Review Erythema elevatum diutinum: Page views in Co-occurring diseases include monoclonal paraproteinemias, lymphoproliferative disorders, chronic infection, autoimmune conditions, and connective tissue diseases.

Nodules removed from hand. Direct immunofluorescence may reveal changes consistent with vasculitis, such as fibrin deposits, intravascularly and perivascularly, complement, and immunoglobulins IgG, IgA, IgM. Erythema elevatum diutinum is a chronic and rare dermatosis that is considered to be a variant of leukocytoclastic vasculitis.

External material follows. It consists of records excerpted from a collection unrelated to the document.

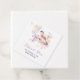 Pretty baby shower favor tag with an adorable bird and purple and yellow flowers. Perfect for a spring or summer baby shower. The words can be changed to suit your own details or requirements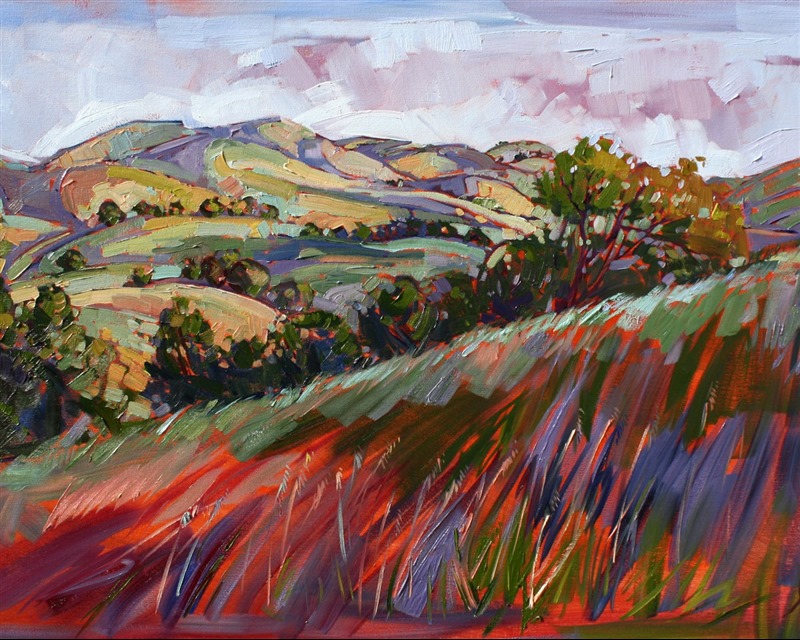 Rolling rainbow hills of central California, painted in a loose impressionist style.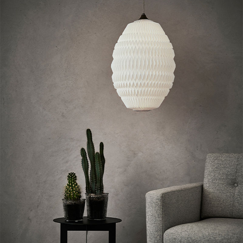 ※LED電球を推奨しています。LE KLINT(レ・クリント)の照明シリーズ「カレオ」。名はラテン語に由来し、「強調する、際立たせる」という意味です。 デザイナーのリッケは、レ・クリントの伝統に基づいて、紙製のシェードを選び、複雑な折りを施すことでこれまでにない照明を完成させました。職人技が光るカレオのシェードからは、レ・クリントならではの優美な光を放ちます。1灯でお使いいただいても、同じカレオの中から型違いを組み合わせても素敵な空間を演出できます。テーブルの上やソファの近くに、あるいはお部屋の真ん中に。場所を選ばずお使いいただけます。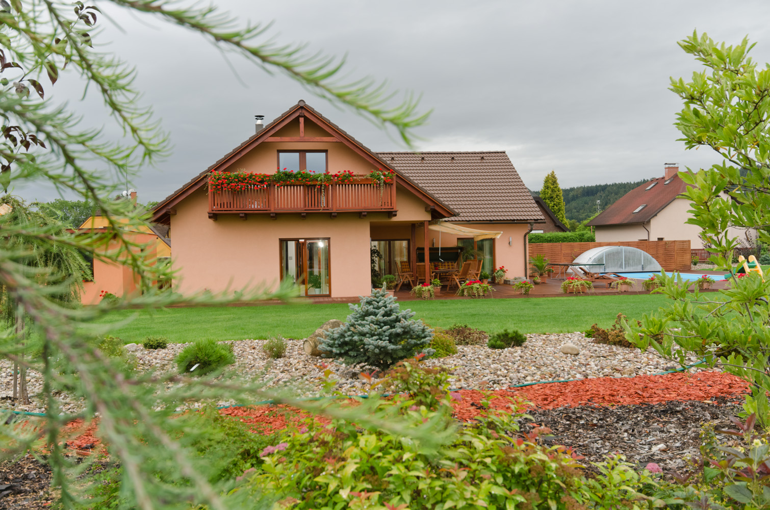 Místo garáže, která se nám zdála vždy zbytečná, máme přístřešek pro dvě auta a před domem zpevněnou plochu pro stání dalších šesti aut – hlavně kvůli návštěvám. Jelikož máme zahradnické centrum, zahradu jsme si budovali svépomocí a opravdu hodně nám pomáhal tchán, pro kterého je práce na zahradě velkým koníčkem. Na skladování kol, sekačky a jiných nezbytností jsme si ještě nechali postavit zahradní domek.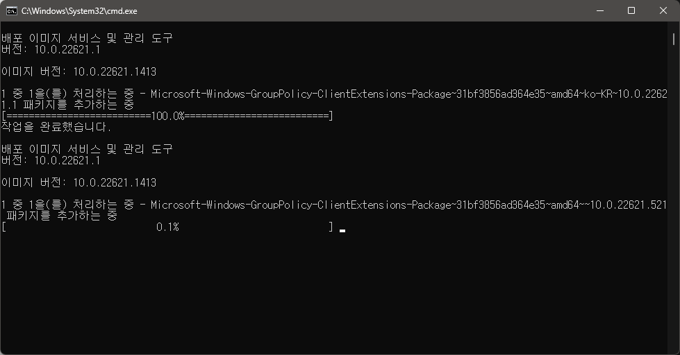 다음과 같이 관리자 권한으로 실행하면, 어떤 창이 뜰 건데 그냥 끝날 때까지 기다리시면 설정이 끝나게 됩니다.

Venous ulcer Arterial insufficiency ulcer Hematopoietic ulcer Neuropathic ulcer Acroangiodermatitis. The pathogenesis of EED is not entirely clear; however, the prevailing and traditional theories are based on immune complex deposition within vessel walls, complement fixation, inflammation, and subsequent vascular destruction.


Please enter User Name Password Error: Additional sites of involvement include the face, retro-auricular area, axillae, buttocks, and genitalia. You can also find results for a single author elecatum contributor.

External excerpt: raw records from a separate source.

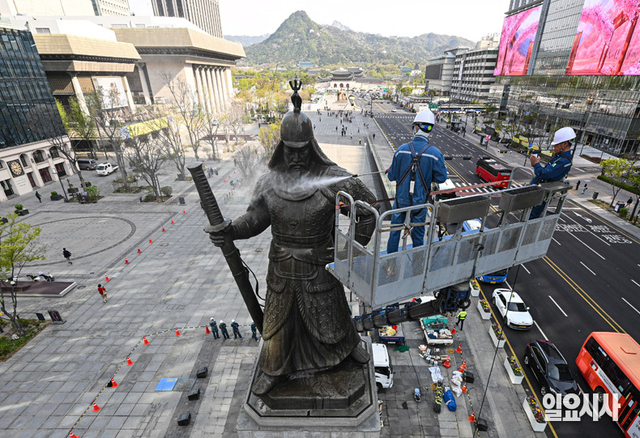 [포토] ‘때 빼고, 광내고’...봄맞이 묵은 때 씻는 이순신 장군
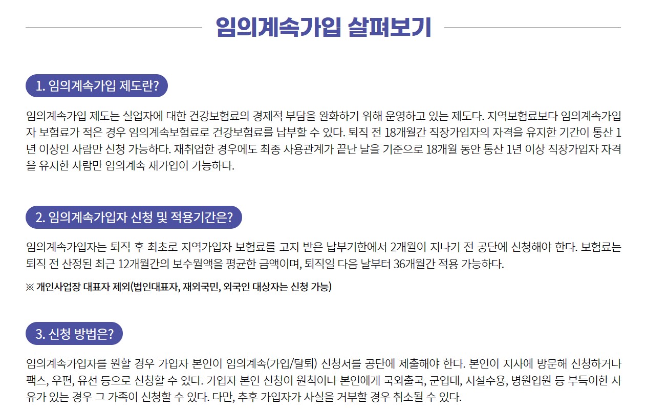 퇴직후, 직장에서 납부하던 건강보험료보다 납부해야 할 할 지역보험료가 더 많을 경우 임의계속가입을 신청하면 최대 3년까지 퇴직 전 직장에서 부담하던 수준의 보험료로 납부하실 수 있습니다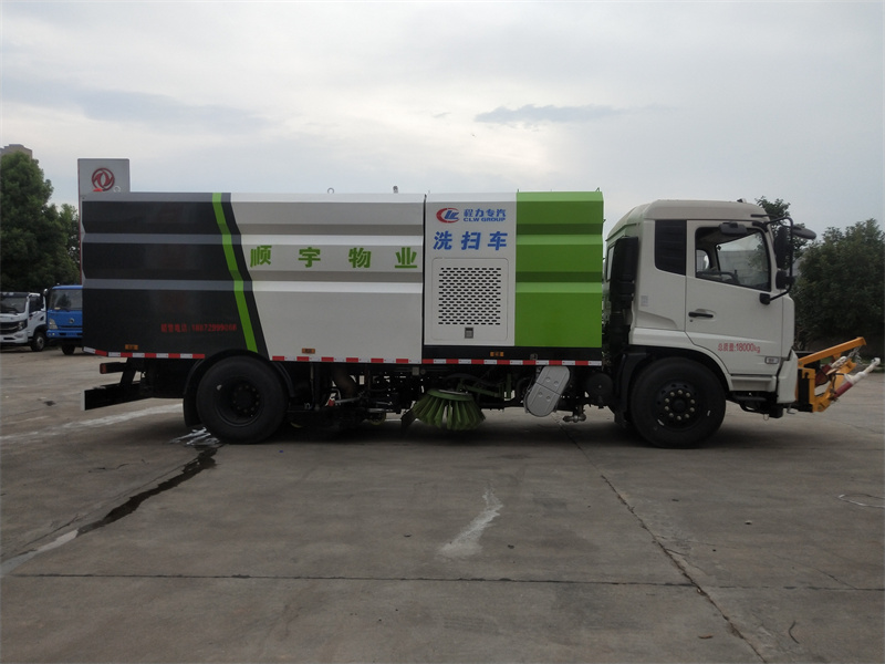 洗掃車是道路清掃車系列中的一款路面清掃保潔車輛。具有路面清洗、路面清掃路緣和路緣石立面洗刷、低壓沖洗、噴霧除塵等多功能。有"全洗掃"、 "左洗掃"、 "右洗掃"、 "全掃"、 多種作業(yè)模式可選擇。選擇"全洗掃"模式清洗廣場和路面,清洗效率高效果好,洗凈率達95%以上。選擇"左洗掃"或"右洗掃"模式清洗路面和路緣 。需要進行路面清掃或路面保潔作業(yè)時,可選擇掃路模式。需要噴霧除塵時,可開啟噴霧裝置,進行噴霧除塵作業(yè)。可以像灑水車一樣對路面進行低壓沖洗作業(yè)。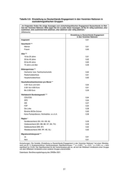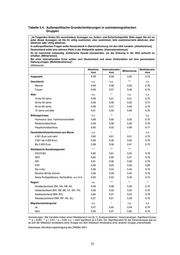 Tabelle 5.6: Einstellung zu Deutschlands Engagement in den Vereinten Nationen in soziodemografischen Gruppen „Im Folgenden finden Sie einige Aussagen zum sicherheitspolitischen Engagement Deutschlands im Rah- men der Vereinten Nationen. Bitte sagen Sie mir zu jeder dieser Aussagen, ob Sie ihr völlig zustimmen, eher zustimmen, teils zustimmen/teils ablehnen, eher ablehnen oder völlig ablehnen.“ (Mittelwerte) Einstellung zu Deutschlands Engagement in den Vereinten Nationen Insgesamt 0,61 Geschlecht n.s. Männer 0,61 Frauen 0,60 Alter n.s. 16 bis 29 Jahre 0,61 30 bis 49 Jahre 0,62 50 bis 69 Jahre 0,60 70 Jahre und älter 0,59 Bildungsniveau n.s. Hochschul- bzw. Fachhochschulreife 0,62 Realschulabschluss 0,61 Hauptschulabschluss 0,60 Haushaltsnettoeinkommen pro Monat ** 4.001 Euro und mehr 0,64 2.001 bis 4.000 Euro 0,61 Bis 2.000 Euro 0,59 Wahlabsicht Bundestagswahl *** CDU/CSU 0,64 SPD 0,64 AfD 0,57 FDP 0,64 Die Linke 0,58 Bündnis 90/Die Grünen 0,60 Keine Parteipräferenz, Nichtwähler, w.n./k.A. 0,58 Region * Norddeutschland (SH, HH, HB, NI) 0,59 Ostdeutschland (MV, BB, BE, ST, SN, TH) 0,59 Süddeutschland (BW, BY) 0,62 Westdeutschland (NW, RP, HE, SL) 0,62 Migrationshintergrund n.s. Ja 0,61 Nein 0,61 Anmerkungen: Die Variable „Einstellung zu Deutschlands Engagement in den Vereinten Nationen“ hat einen Wertebe- reich von [0; 1]. Analyseverfahren: Varianzanalysen, Signifikanzniveau: *** p < 0,001; ** p < 0,01; * p < 0,05; n.s. = nicht signifikant (p ≥ 0,05). Der Signifikanztest für die Varianzanalyse gibt an, ob sich der Mittelwert mindestens einer Gruppe von dem Mittelwert mindestens einer anderen Gruppe unterscheidet. Datenbasis: Bevölkerungsbefragung des ZMSBw 2021. 57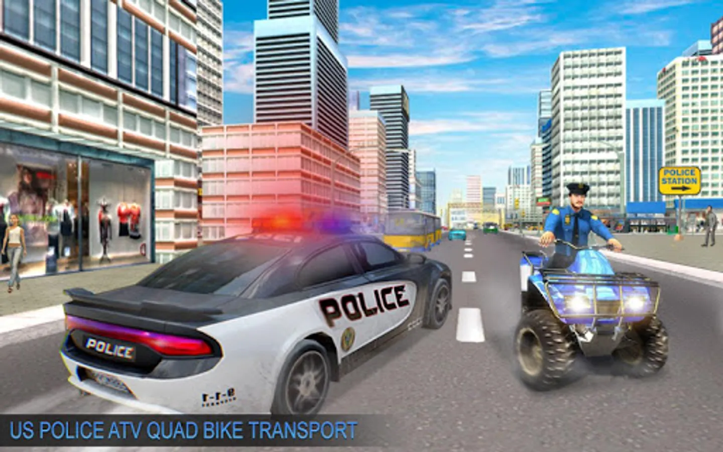 US police games are for all users whether you're adult or child so you don't need to download kids police atv games separately because you will get police parking car game and police car driving game in a single Moto ATV bike transport game. US police atv quad is very interesting and challenging police patrol car driving simulator where you have to reach the destination of atv transport truck with in the limited time if your police patrol not reach on parking spot within the specified you will fail to complete police car driving and atv transport mission in quad games. Every police cars game mission is more addictive then previous atv games levels so drive atv transport truck and us police atv quad as fast as you can to reach police parking area to complete us police atv quad bike transport mission. Police car driving simulator give you variety of police car truck, jeep and other vehicles for driving through the city roads. Unlock your favorite us police atv quad to become best kids police atv games player. Enjoy police cars game and share your performance in police car transport with friends to prove that you are expert in quad games.
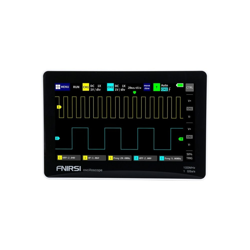 FNIRSI 1013D kaasaskantav ostsilloskoop 7-tollise puuteekraaniga, 2 mõõtekanali, 100 MHz ribalaiuse ja 1 GSa/s diskreetimissagedusega võimaldab täpset signaalianalüüsi hoolduses, töökodades ja elektroonikaseadmete projekteerimisel. Seade on varustatud hästi loetava 800x480 TFT-ekraaniga, automaatse ühe nupuvajutusega signaali seadistamise ning lainekuju salvestamise funktsiooniga, mis võimaldab mugavaid ja kiireid mõõtmisi kõikjal. Toetus nii analoog- kui ka digitaalsignaalide analüüsiks teeb selle sobivaks nii seadmete hoolduseks kui ka isetegemise (DIY) rakendusteks. Sisseehitatud 6000 mAh liitiumaku võimaldab seadmel töötada umbes 4 tundi.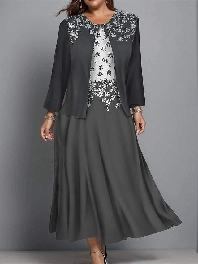 Women’s Plus Size Two Piece Dress Set Casual Dress Swing Dress Outdoor Office Fashion Streetwear Print Midi Dress Crew Neck Long Sleeve Floral Regular Fit Navy Blue Purple Gray Fall Winter L XL XXL

Questions To access free multiple choice questions on this topic, click here. Views Read Edit View history. Previous treatment with topical corticosteroids had been unsuccessful. If you have any concerns with your skin or its treatment, see a dermatologist for advice. Otherwise it is hidden from view.

Sign in via Shibboleth. Neurotoxoplasmosis of the central nervous system was diagnosed by means of computed tomography of the head, and the patient was hospitalized for 15 days for treatment.

Eritem report three cases of erythema elevatum diutinum.

Antineutrophil cytoplasmic antibodies may be pathogenic in EED. Infections from group B streptococci, HIV, syphilis, and viral hepatitis are commonly associated with EED as well as autoimmune conditions, such as celiac disease, Crohn disease, systemic lupus erythematosus and rheumatoid arthritis.